Cloudflare has recently unveiled the public beta of its Cloudflare Data Platform—a managed solution leveraging open standards like Apache Iceberg to ingest, store, and query analytical data tables.
Earlier this year, Cloudflare launched the public beta of R2 Data Catalog, a managed Apache Iceberg catalog built on top of its R2 object storage. The company has now unified Cloudflare Pipelines, R2 Data Catalog, and R2 SQL into a cohesive offering: the Cloudflare Data Platform. Micah Wylde, Principal Engineer at Cloudflare; Alex Graham, Senior Systems Engineer; and Jérôme Schneider, Software Engineer, explained:
Analytical data is essential for modern businesses—it reveals user behavior, measures organizational performance, and flags potential issues. Yet traditional data infrastructure is costly and complex, often requiring dedicated cloud resources and in-house expertise. We built the Cloudflare Data Platform to be simple, accessible to everyone, and affordable—priced purely on usage.

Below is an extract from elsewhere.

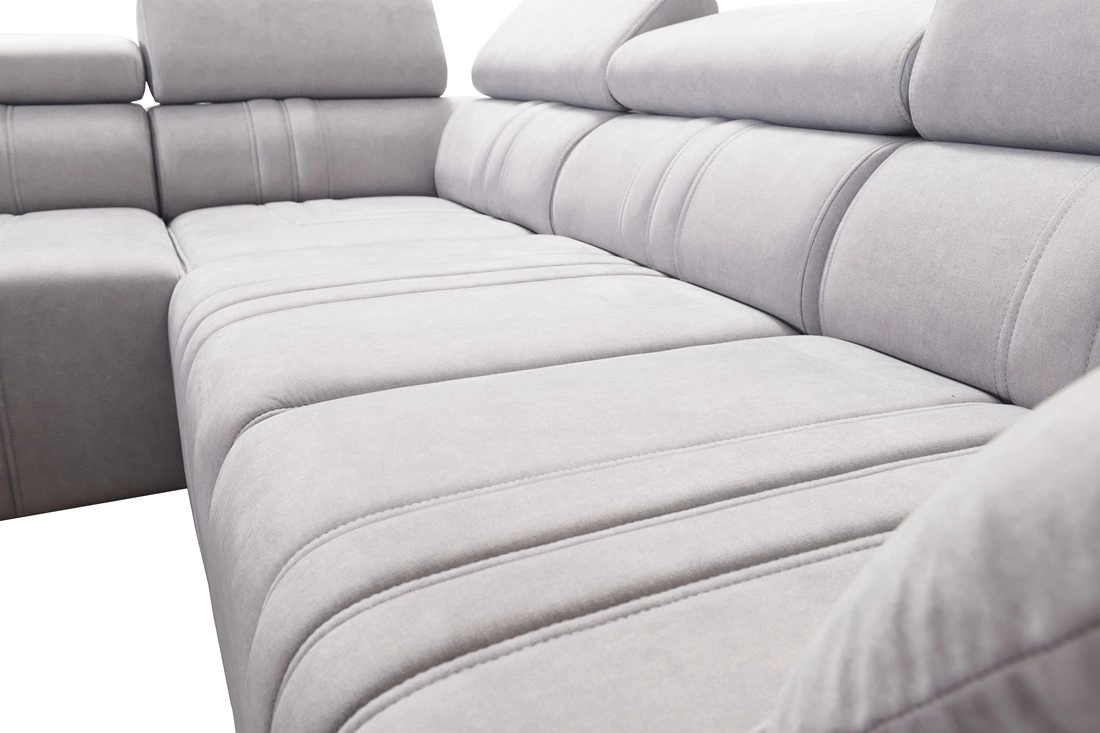 Mezi doplňky tohoto nábytku, které ocení všichni uživatelé, patří výsuvná podnožka, nastavitelné opěrky hlavy a nabíjecí zásuvka USB na boku rohové skříně.

Cloudflare Pipelines captures events sent via Workers or HTTP, processes them using SQL, and stores the output either in Iceberg tables or as files in R2. The R2 Data Catalog manages Iceberg metadata and now also handles routine maintenance tasks like compaction to accelerate query performance. Meanwhile, R2 SQL serves as a distributed, serverless query engine designed for petabyte-scale datasets stored in R2. Micah Wylde, former co-founder and CEO of Arroyo, added on LinkedIn:
Six months ago, Arroyo was acquired by Cloudflare. At the time, many wondered—why would Cloudflare need a stream processing engine? The answer is clear: we’re building a data platform. Just as the Cloudflare Developer Platform empowers millions of developers with fully serverless infrastructure to build, operate, and scale applications, the Cloudflare Data Platform applies the same philosophy to make analytical data infrastructure universally accessible.

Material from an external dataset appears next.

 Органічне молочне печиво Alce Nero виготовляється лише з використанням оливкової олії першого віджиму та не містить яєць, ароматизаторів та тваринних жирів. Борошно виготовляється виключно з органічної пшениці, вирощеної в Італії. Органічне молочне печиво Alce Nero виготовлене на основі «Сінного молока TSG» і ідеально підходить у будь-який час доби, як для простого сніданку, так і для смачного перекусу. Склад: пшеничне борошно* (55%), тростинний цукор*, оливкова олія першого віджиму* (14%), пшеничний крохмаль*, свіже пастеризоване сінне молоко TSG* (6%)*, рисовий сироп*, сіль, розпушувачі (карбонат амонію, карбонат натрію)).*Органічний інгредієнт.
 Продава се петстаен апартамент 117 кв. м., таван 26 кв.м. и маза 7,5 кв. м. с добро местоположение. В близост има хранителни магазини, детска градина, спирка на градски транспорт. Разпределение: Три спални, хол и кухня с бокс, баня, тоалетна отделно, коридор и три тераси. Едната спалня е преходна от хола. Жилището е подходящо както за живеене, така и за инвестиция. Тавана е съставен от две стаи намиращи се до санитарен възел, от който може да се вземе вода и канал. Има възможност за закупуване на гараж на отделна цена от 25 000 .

While SQL transformations are already powerful for use cases like schema enforcement, data normalization, or redacting sensitive information before storage, Pipelines currently supports only stateless transformations. Looking ahead, Cloudflare plans to integrate more of Arroyo’s stateful processing capabilities to enable features such as aggregations, incrementally updated materialized views, and joins. Jamie Lord, Solutions Architect at CDS UK, highlighted a key advantage of the new platform—Cloudflare’s signature “zero egress fees” for data access:
Zero egress fees fundamentally reshape the economics of data warehousing. Cloudflare’s new data platform leverages this advantage to challenge AWS and Google’s dominance in analytics workloads. It addresses a simple but costly reality: companies hemorrhage money on data transfer fees. A single petabyte-scale operation can incur millions annually just moving analytical data across regions. Cloudflare eliminates that cost entirely.
Joel Hatmaker, Engineering Director at McGaw.io, remarked:
If you’re already using Cloudflare for performance and security, the Cloudflare Data Platform becomes an extremely compelling addition.

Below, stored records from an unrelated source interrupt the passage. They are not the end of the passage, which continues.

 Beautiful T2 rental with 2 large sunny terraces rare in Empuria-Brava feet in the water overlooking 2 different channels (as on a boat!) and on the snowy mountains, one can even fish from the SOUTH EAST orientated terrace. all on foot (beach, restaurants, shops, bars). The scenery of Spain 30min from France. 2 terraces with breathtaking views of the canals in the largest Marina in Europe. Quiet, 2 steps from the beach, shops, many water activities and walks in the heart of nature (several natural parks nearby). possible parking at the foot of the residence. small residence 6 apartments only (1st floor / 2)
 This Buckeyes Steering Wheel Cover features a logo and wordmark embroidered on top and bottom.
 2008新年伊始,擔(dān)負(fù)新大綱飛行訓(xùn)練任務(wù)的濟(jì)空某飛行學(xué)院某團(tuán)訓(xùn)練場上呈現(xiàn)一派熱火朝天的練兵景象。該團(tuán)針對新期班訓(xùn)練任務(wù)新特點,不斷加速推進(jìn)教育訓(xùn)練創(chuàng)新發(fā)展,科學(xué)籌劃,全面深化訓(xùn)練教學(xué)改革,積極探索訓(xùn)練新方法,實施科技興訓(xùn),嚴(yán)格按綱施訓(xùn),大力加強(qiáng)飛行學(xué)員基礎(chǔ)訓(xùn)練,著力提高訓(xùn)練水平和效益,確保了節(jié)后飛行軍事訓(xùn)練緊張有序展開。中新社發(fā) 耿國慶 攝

According to Cloudflare, upcoming features—including integration with Logpush, user-defined functions via Workers, and support for aggregations and joins in R2 SQL—are slated for release in the first half of 2026.
A hands-on tutorial is available to help users build an end-to-end analytics data system using Pipelines, R2 Data Catalog, and R2 SQL. During the public beta phase, Pipelines, R2 Data Catalog, and R2 SQL are offered at no charge, though standard rates apply for storage and compute incurred by queries.